Machine Learning of Subsurface Geological Models from Sparse Site-specific Data and Prior Geological Knowledge for Underground Digital Twin


Student thesis: Doctoral Thesis

View graph of relations



Awarding Institution
Award date1 Mar 2022


The concept of smart city originated from a campaign launched by IBM in 2008 and targets to run cities in an efficient manner with the assistance of information and communications technology. Over the past decade, smart city blueprints have been published by major cities around the world, e.g., Copenhagen, Hong Kong and Hangzhou, aiming to improve the city operation efficiency. An important step for developing a smart city is establishment of a digital twin, which is a digital replica or virtual representations of two-dimensional (2D) or three-dimensional (3D) physical entities in the real world. An accurate digital twin can help streamline engineering design, construction and subsequent performance monitoring and maintenance of infrastructures. However, it is challenging for 2D & 3D modelling of subsurface stratigraphy in underground digital twin due to the insufficient site-specific measurements and a lack of efficient 2D & 3D spatial interpolation method for sparse data.

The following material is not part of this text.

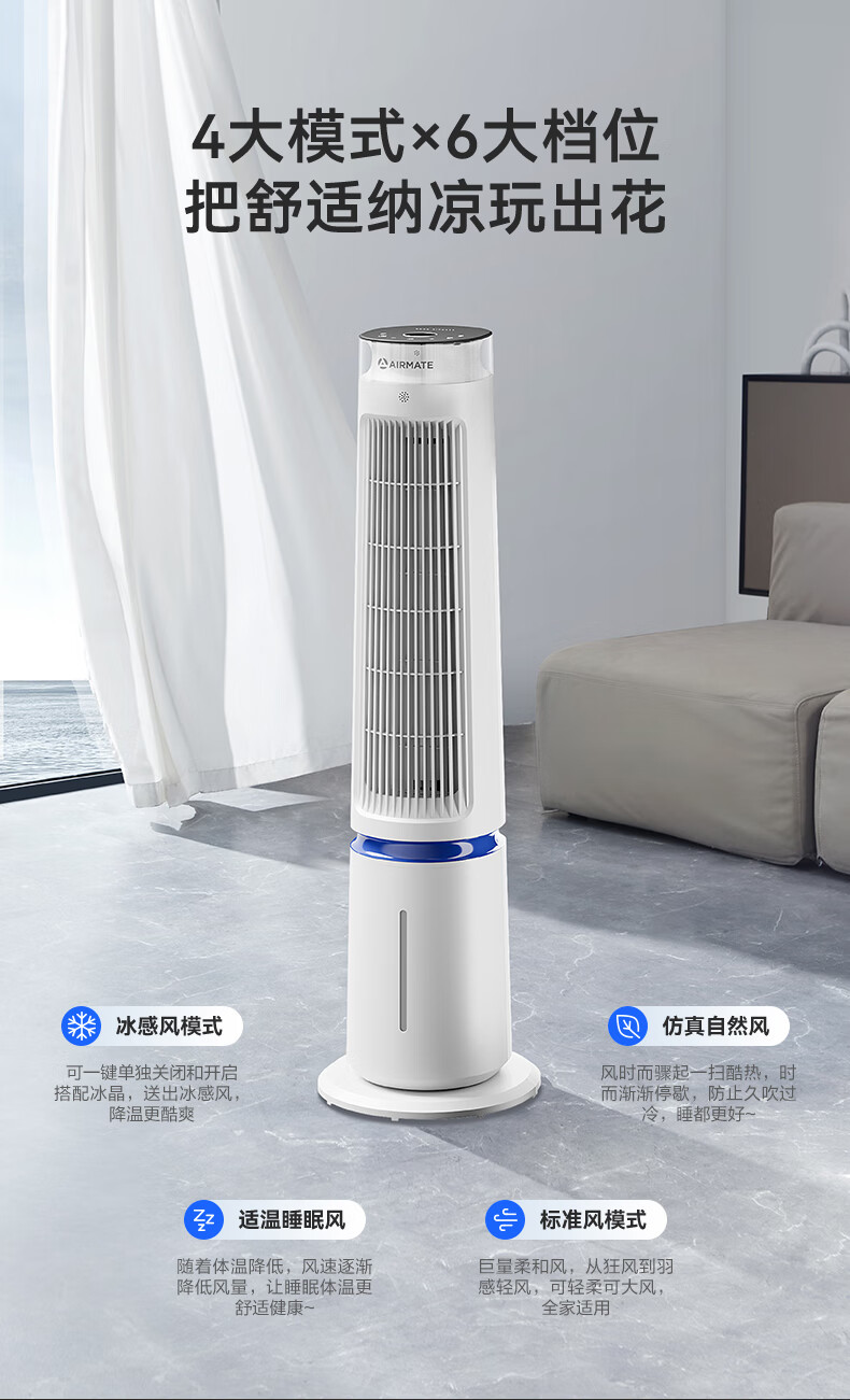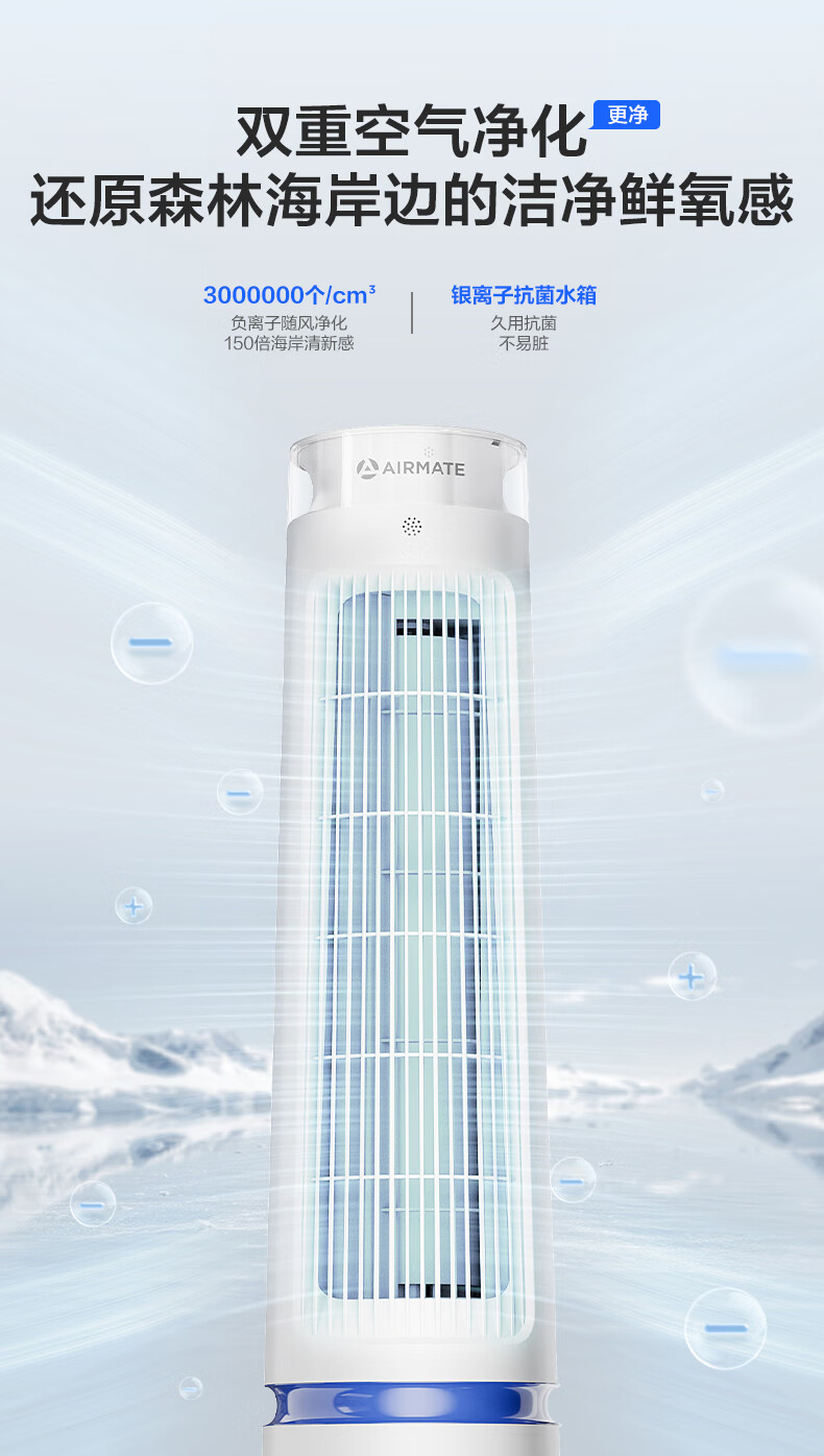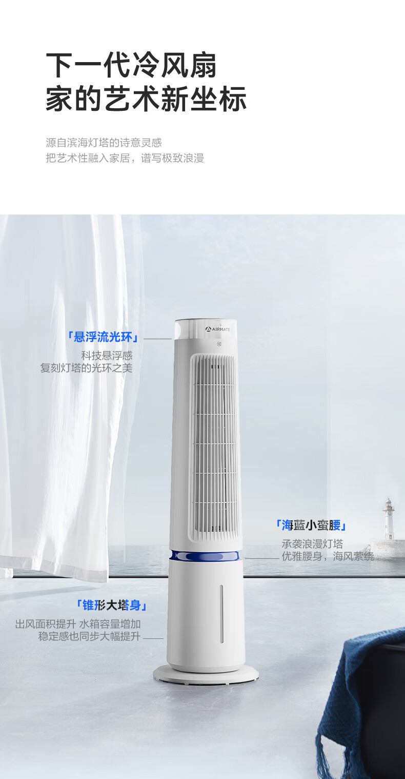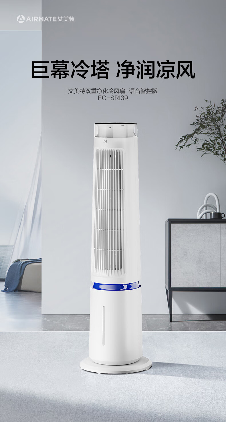 艾美特(AIRMATE)【百万负离子】灯塔冷风扇空调扇家用语音智能水冷塔扇柔风制冷电风扇落地扇加湿定时小空调 SRI39

To address this challenge, a Bayesian supervised learning method is first proposed to interpolate complex subsurface stratigraphic boundaries from sparse site-specific measurements. All valuable prior knowledge of local geology is concisely represented in an ensemble training image, which can be a simple geological profile borrowed from nearby sites with similar geological settings. Soil/rock types at un-sampled locations are interpolated by combining prior geological knowledge reflected in a single training image and site-specific measurements in a supervised learning manner. The proposed method is purely data-driven and does not require specification of any governing parametric function. Subsequently, a smart sampling strategy is proposed for delineation of multi-layered slope stratigraphy and planning of geotechnical boreholes. The data-driven framework can identify locations of largest interpolation uncertainty, which gradually reduces as borehole number increases. More importantly, the optimal number and locations of boreholes required for slope stability analysis are automatically determined by the proposed method. To further improve the computational efficiency of spatial interpolation, a novel iterative convolution eXtreme Gradient Boosting model (IC-XGBoost) is developed to delineate 2D subsurface geological cross-sections. The algorithm integrates training images with the framework of convolution neural network (CNN) and uses readily available tools in image processing to adaptively extract stratigraphic connectivity of varied scales from a single training image. IC-XGBoost is also extended to build 3D subsurface geological model from limited site-specific boreholes and 2D training images, which reflect prior quasi-three-dimensional geological knowledge. The proposed 3D geological modelling method can provide best estimate of soil/rock types at unsampled locations with quantified uncertainty. For practical applications of training image-based algorithms, a qualified training image is required. In this study, a data-driven method based on edge orientation detection is proposed for selection of the optimal training image. It is demonstrated that edge orientation successfully differentiates soil/rock stratigraphic patterns between different training images, and the derived edge orientation distribution can be used as a quantitative indicator for selection of the optimal training image.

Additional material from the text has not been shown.